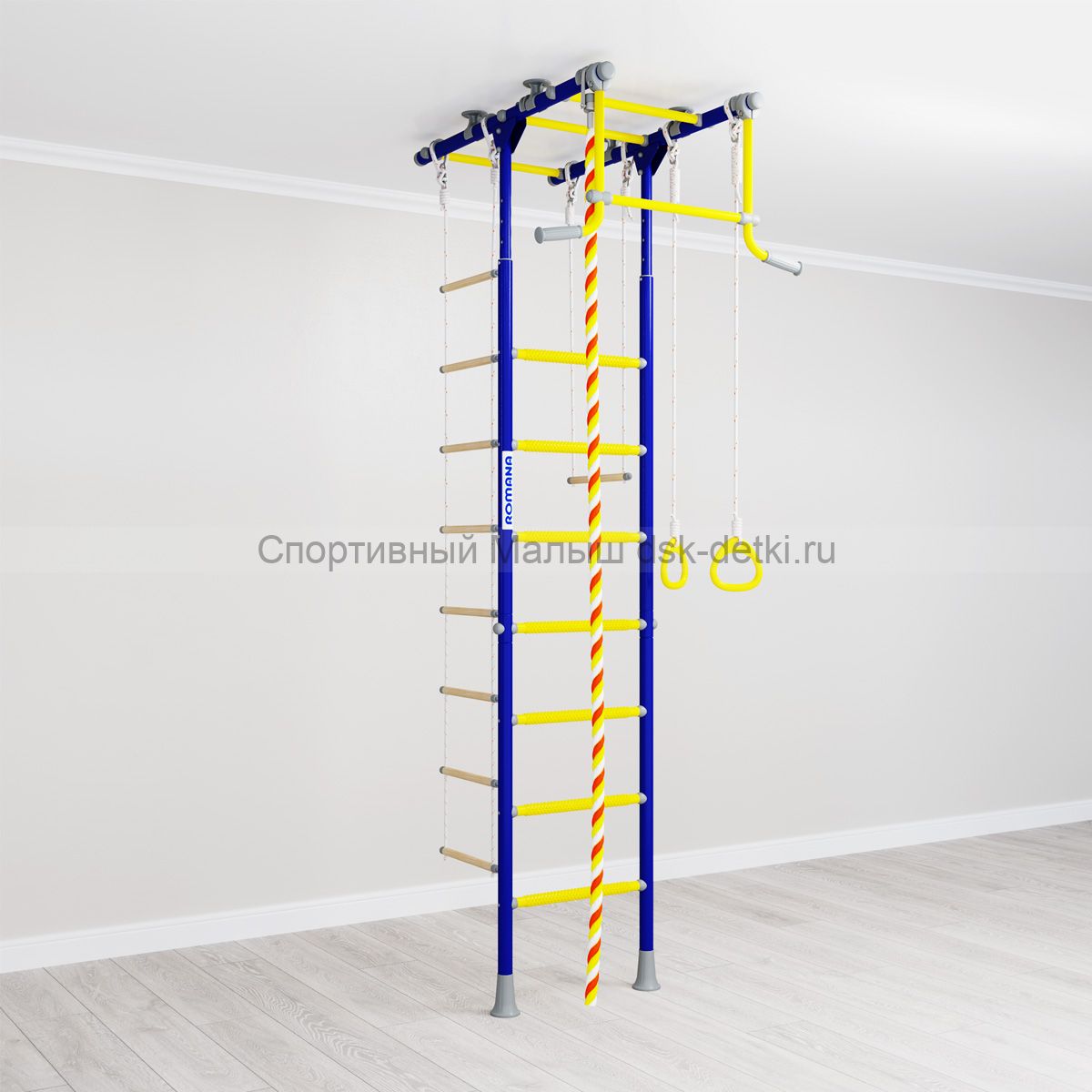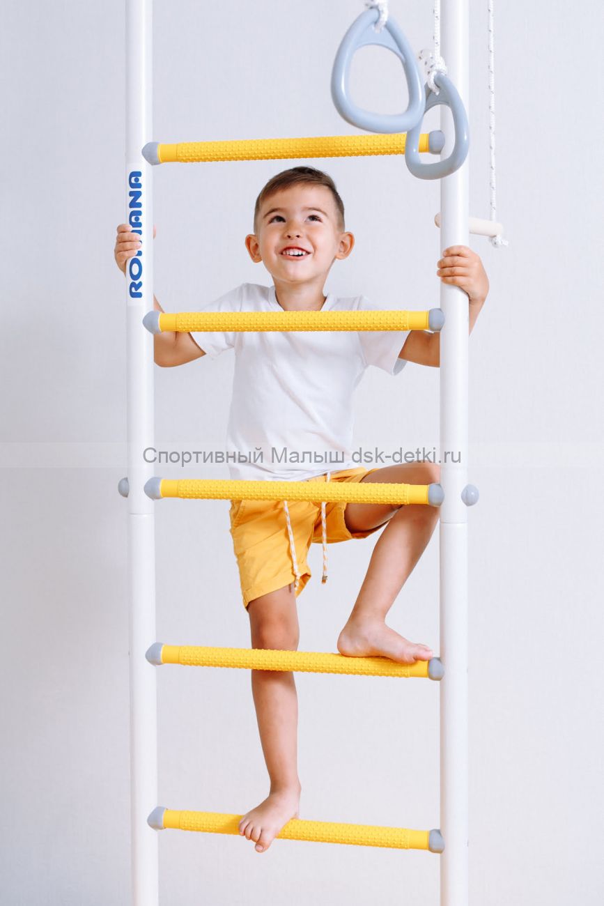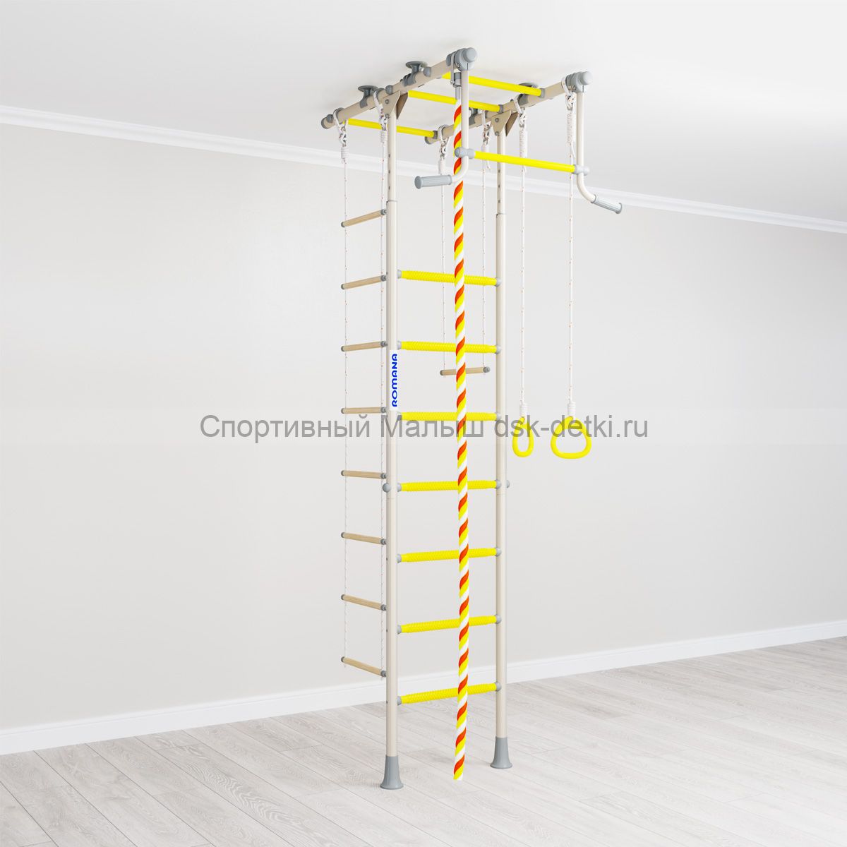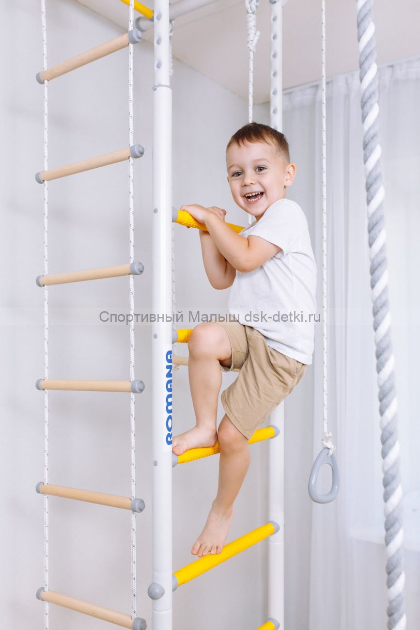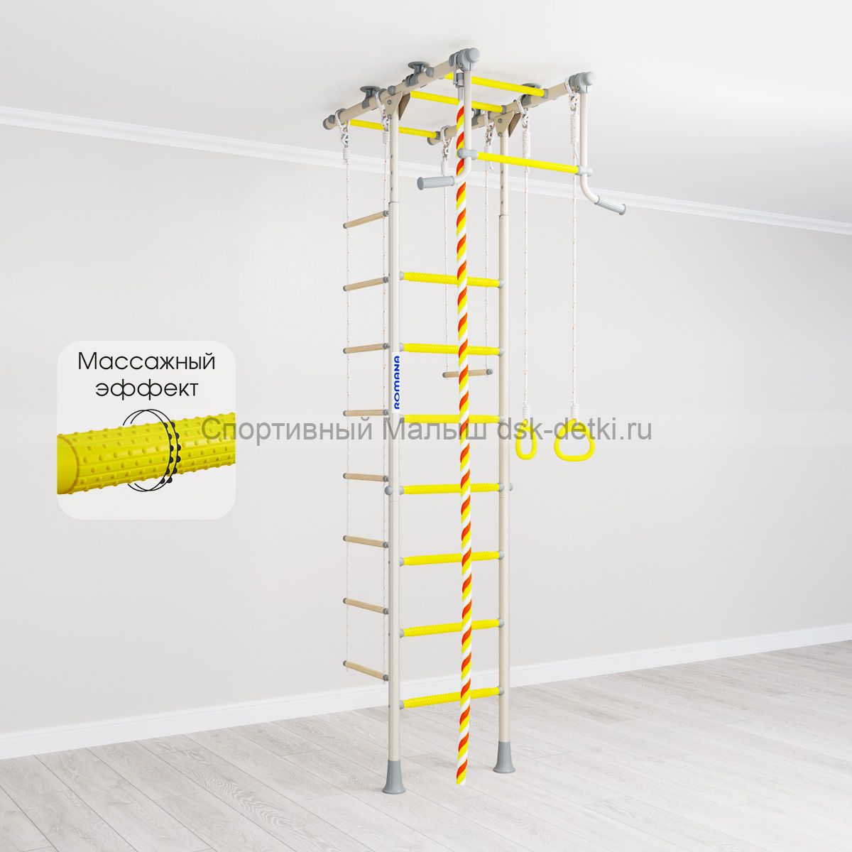 Комплекс ROMANA R1 был обновлен в 2017 году. Теперь у него яркие, теплые цветовые гаммы, которые гораздо лучше подходят для интерьеров детских комнат. Обновлены цвета стоек, каната, навески. Фурнитура получила приятный серый цвет вместо черного.
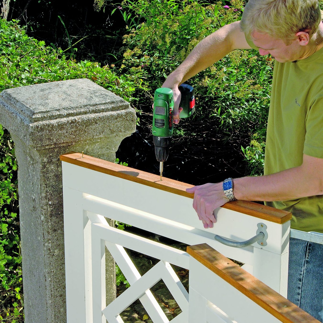 Skru fast krysset til ramma med 5 x 80 mm skruer. Her monteres skruen, så skruehullet vender skrått nedover - så blir det ikke fyllt med regnvann.
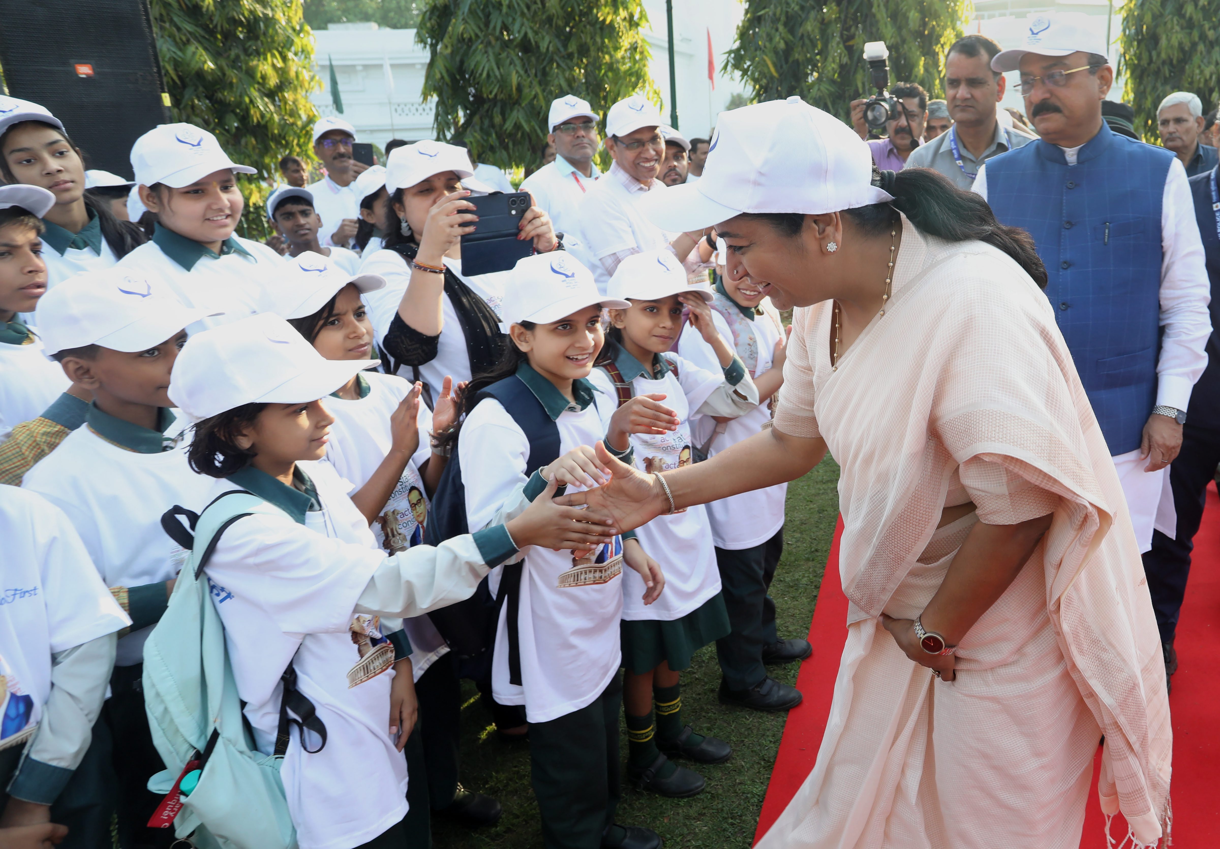 New Delhi: Delhi Chief Minister Rekha Gupta meets school children before flagging off Walkathon 2025 on the occasion of 134th birth anniversary of Dr B R Ambedkar at Delhi Vidhan Sabha in New Delhi, Sunday, April 14, 2025. (PTI Photo) (PTI04_13_2025_000044B)
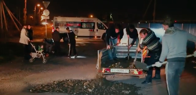 Жители ЖК «Прованс» и ЖК «Британия» вооружившись тачками и лопатами решили своими силами восстанавливать подъездную дорогу к комплексам.
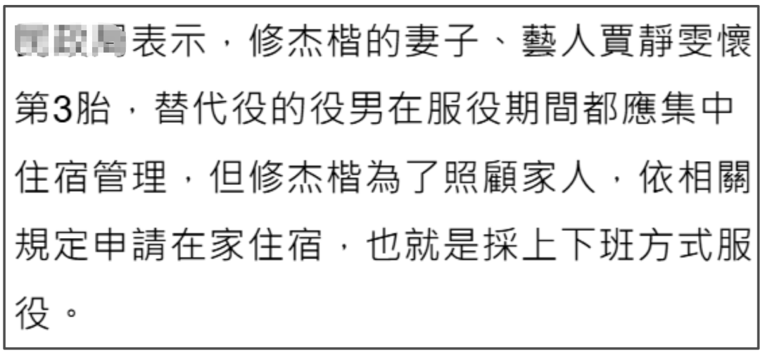 ——原来修杰楷当年没能用上伪造材料,他的老婆贾静雯怀上了三胎,修杰楷就服了替代役,只需要到相关部门上下班五个月就可以了,对比正式服役更轻松,还可以每天回家。
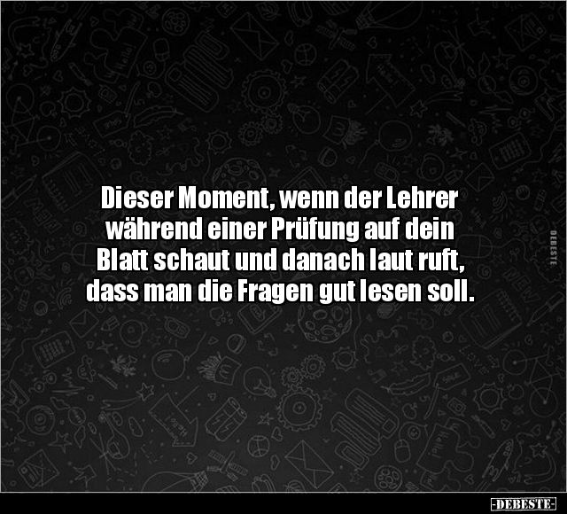 Dieser Moment, wenn der Lehrer während einer Prüfung auf dein Blatt schaut und danach laut ruft, dass man die Fragen gut lesen soll.
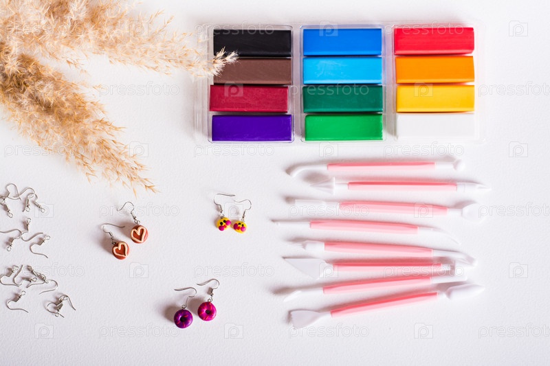 Разноцветная полимерная глина и инструменты для изготовления серег. Вид сверху
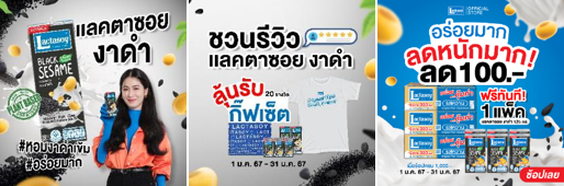 นอกจากนี้ ยังมาพร้อมโปรโมชันลดฉ่ำรับปีใหม่ ช้อปลด 100 บาท แถมอีก 1 เเพ็ค (เเลคตาซอยงาดำ 125 ml. 6 กล่อง) เมื่อซื้อสินค้าเเบรนด์เเลคตาซอย ทุกขนาด ทุกรสชาติ ตั้งแต่ 1,000 บาท ขึ้นไปที่ https://bit.ly/3Y9tv4x พร้อมจัดส่งตั้งแต่วันนี้ถึง 31 ม.ค. 67
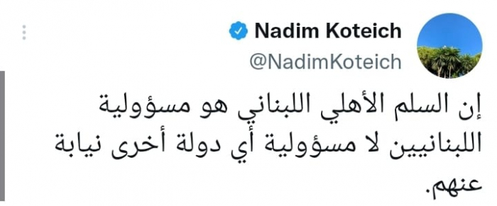 وقال في تغريدة على حسابه بموقع التدوين المصغر تويتر، اليوم إن: "السلم الأهلي اللبناني هو مسؤولية اللبنانيين لا مسؤولية أي دولة أخرى نيابة عنهم".
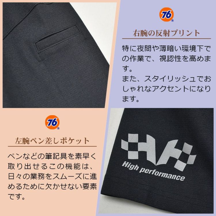 ・襟裏・右袖には夜間の視認性を高め、オシャレな76ロゴの反射プリント
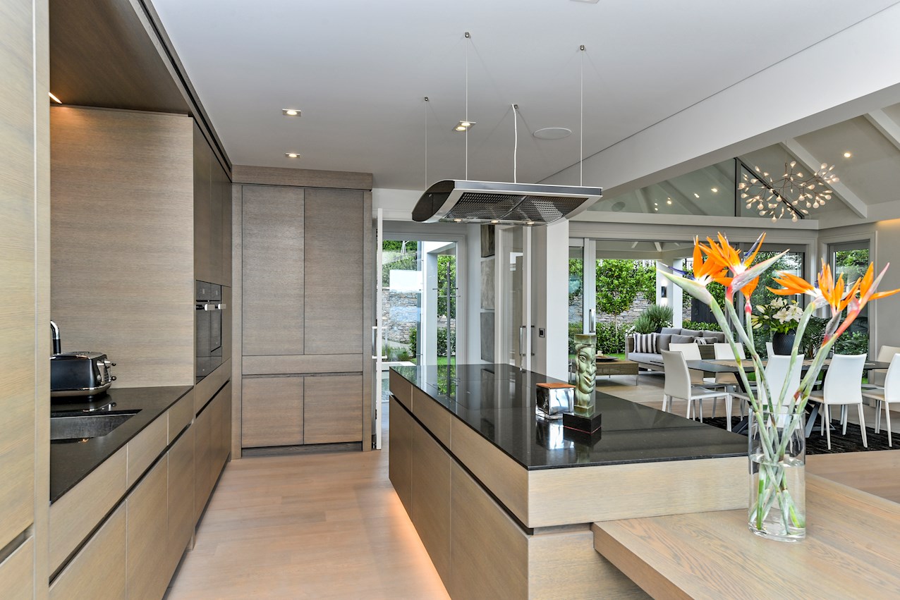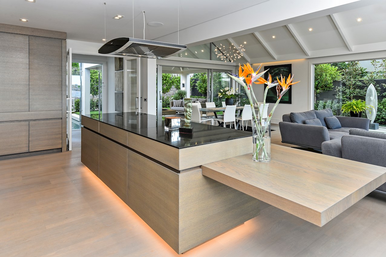 Contemporary design and detailed craftsmanship are evident at every turn, beginning with a timber walkway and large concrete pond that lead to the entrance. Cladding is solid plaster over masonry block. Anodised, double-glazed joinery, as well as zinc roofing, spouting, down pipes and garage door, show an emphasis on understated quality.
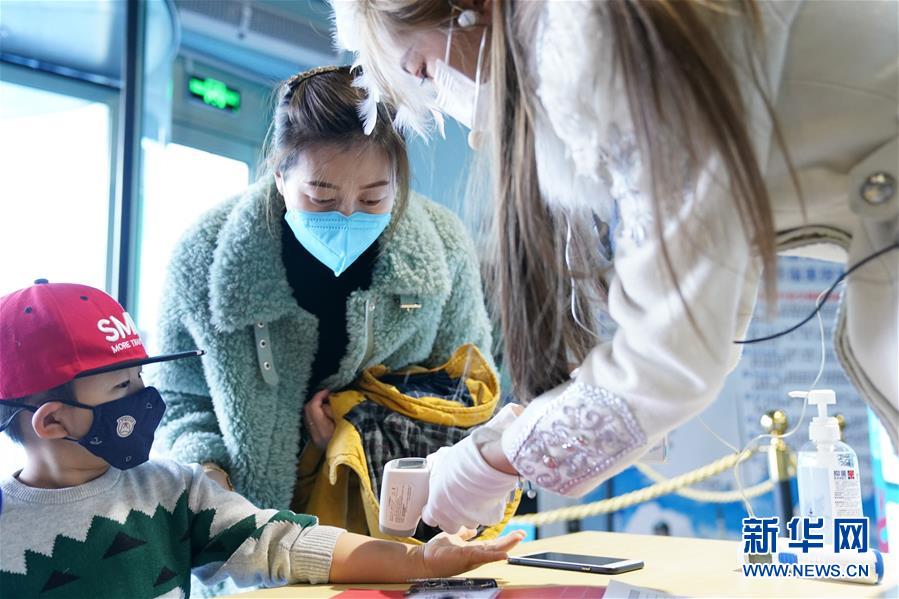 3月23日,在哈爾濱極地館入口,工作人員在給游客測量體溫。當日,哈爾濱極地館恢復(fù)營業(yè)。目前,極地館日接待人數(shù)不超過400人,園區(qū)采取分時段、間隔性辦法安排游客有序入園。游客實名預(yù)訂門票,入園要配合測溫、佩戴口罩、掃描“龍江健康碼”,刷身份證入館。新華社記者王建威攝
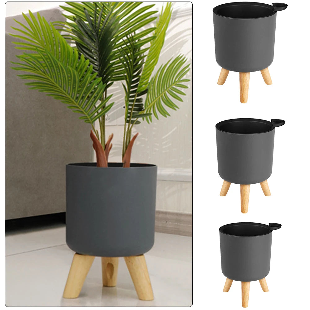 Sistema de drenaje de autorriego para plantas con patas de madera, maceta redonda de pie para pies, hierbas, bonsái para guardería, Moderno

*About this exercise*. Each entry above is to be written out again unchanged, apart from the pictures, which are left out.

*Answer space*.
 Комплекс ROMANA R1 был обновлен в 2017 году. Теперь у него яркие, теплые цветовые гаммы, которые гораздо лучше подходят для интерьеров детских комнат. Обновлены цвета стоек, каната, навески. Фурнитура получила приятный серый цвет вместо черного.
 Skru fast krysset til ramma med 5 x 80 mm skruer. Her monteres skruen, så skruehullet vender skrått nedover - så blir det ikke fyllt med regnvann.
 New Delhi: Delhi Chief Minister Rekha Gupta meets school children before flagging off Walkathon 2025 on the occasion of 134th birth anniversary of Dr B R Ambedkar at Delhi Vidhan Sabha in New Delhi, Sunday, April 14, 2025. (PTI Photo) (PTI04_13_2025_000044B)
 Жители ЖК «Прованс» и ЖК «Британия» вооружившись тачками и лопатами решили своими силами восстанавливать подъездную дорогу к комплексам.
 ——原来修杰楷当年没能用上伪造材料,他的老婆贾静雯怀上了三胎,修杰楷就服了替代役,只需要到相关部门上下班五个月就可以了,对比正式服役更轻松,还可以每天回家。
 Dieser Moment, wenn der Lehrer während einer Prüfung auf dein Blatt schaut und danach laut ruft, dass man die Fragen gut lesen soll.
 Разноцветная полимерная глина и инструменты для изготовления серег. Вид сверху
 นอกจากนี้ ยังมาพร้อมโปรโมชันลดฉ่ำรับปีใหม่ ช้อปลด 100 บาท แถมอีก 1 เเพ็ค (เเลคตาซอยงาดำ 125 ml. 6 กล่อง) เมื่อซื้อสินค้าเเบรนด์เเลคตาซอย ทุกขนาด ทุกรสชาติ ตั้งแต่ 1,000 บาท ขึ้นไปที่ https://bit.ly/3Y9tv4x พร้อมจัดส่งตั้งแต่วันนี้ถึง 31 ม.ค. 67
 وقال في تغريدة على حسابه بموقع التدوين المصغر تويتر، اليوم إن: "السلم الأهلي اللبناني هو مسؤولية اللبنانيين لا مسؤولية أي دولة أخرى نيابة عنهم".
 ・襟裏・右袖には夜間の視認性を高め、オシャレな76ロゴの反射プリント
 Contemporary design and detailed craftsmanship are evident at every turn, beginning with a timber walkway and large concrete pond that lead to the entrance. Cladding is solid plaster over masonry block. Anodised, double-glazed joinery, as well as zinc roofing, spouting, down pipes and garage door, show an emphasis on understated quality.
 3月23日,在哈爾濱極地館入口,工作人員在給游客測量體溫。當日,哈爾濱極地館恢復(fù)營業(yè)。目前,極地館日接待人數(shù)不超過400人,園區(qū)采取分時段、間隔性辦法安排游客有序入園。游客實名預(yù)訂門票,入園要配合測溫、佩戴口罩、掃描“龍江健康碼”,刷身份證入館。新華社記者王建威攝
 Sistema de drenaje de autorriego para plantas con patas de madera, maceta redonda de pie para pies, hierbas, bonsái para guardería, Moderno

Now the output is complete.